Он сам как от щекотки хохотнул над тем, как переиначил Щепоткина: хмель высвободил в нём словесную жилку, и он то переиначивал слова, то рифмовал. Глаза были красными. Веселый и взбудораженный, распираемый предыдущими приключениями, Эдик потряс бутылкой:
— Хе-хе. А я еду с рыбалки, выпить охота, сначала Мотю встретил, с ним давай сначала, ну… — Он вдруг нахмурился, опустил глаза и сказал скрипуче: — Он не хоте-е-ел, правда… у него дела, на участок собирается, ещё вечером тугунить… — Эдя развёл руками: — А чо поделать? Пришлось Мотьку затравить. Неправильно, конечно: он теперь не остановится. — Эдя стряхнул сожаление и добавил с вызовом: — Ну и чо теперь? Не попадайся навстречу!
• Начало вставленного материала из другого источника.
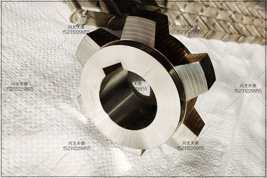 4、打孔不銹鋼鏈板磨爛情況嚴重,外拆卸新傳動鏈條和新傳動鏈條,以保證鏈板輸送帶鏈條與鏈輪的齒合。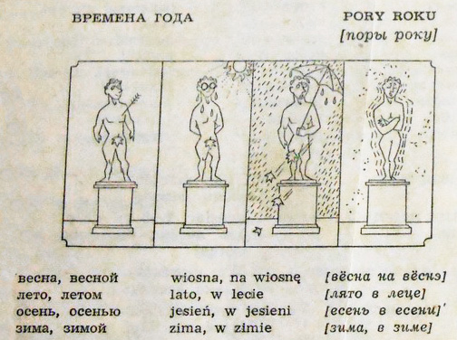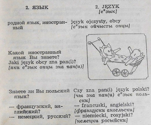 En mi casa en San Petersburgo había una guía de conversación "Как это сказать по-польски" ("¿Cómo se dice esto en polaco?") editada en Varsovia en 1963, y me gustaba hojearla cuando era pequeña. No sé quién la había comprado ni por qué razón. Mi padre sabía alemán y griego, mi madre tenía conocimientos básicos de inglés. ¿Cómo apareció por casa un libro de polaco? Ahora ya nadie me contestaría a esta pregunta.

Сам, когда ему надо, глыкат по-тихой, чтоб баба не видела, а тут я виноват! — И решительно махнул рукой: — Короче, он уехал, а я смотрю, сандакчесский экспресс прёт, я к нему, а там ребята молодые, один рулит, остальные у печки сидят, мы, грят, бражничам… садись с нами… Брага такая, как яблоко… холодная, ррезкая, аж в нос шибат, — он с силой сжал кулак. — В общем, пображничал с ними с превеликим удовольствием, отцепился, смотрю ещё какая-то трахома ташшытся сверху, подъехал — плашкоут Снежанкин. Будешь?
— Да можно, а то баржонка эта все нервы вымотала.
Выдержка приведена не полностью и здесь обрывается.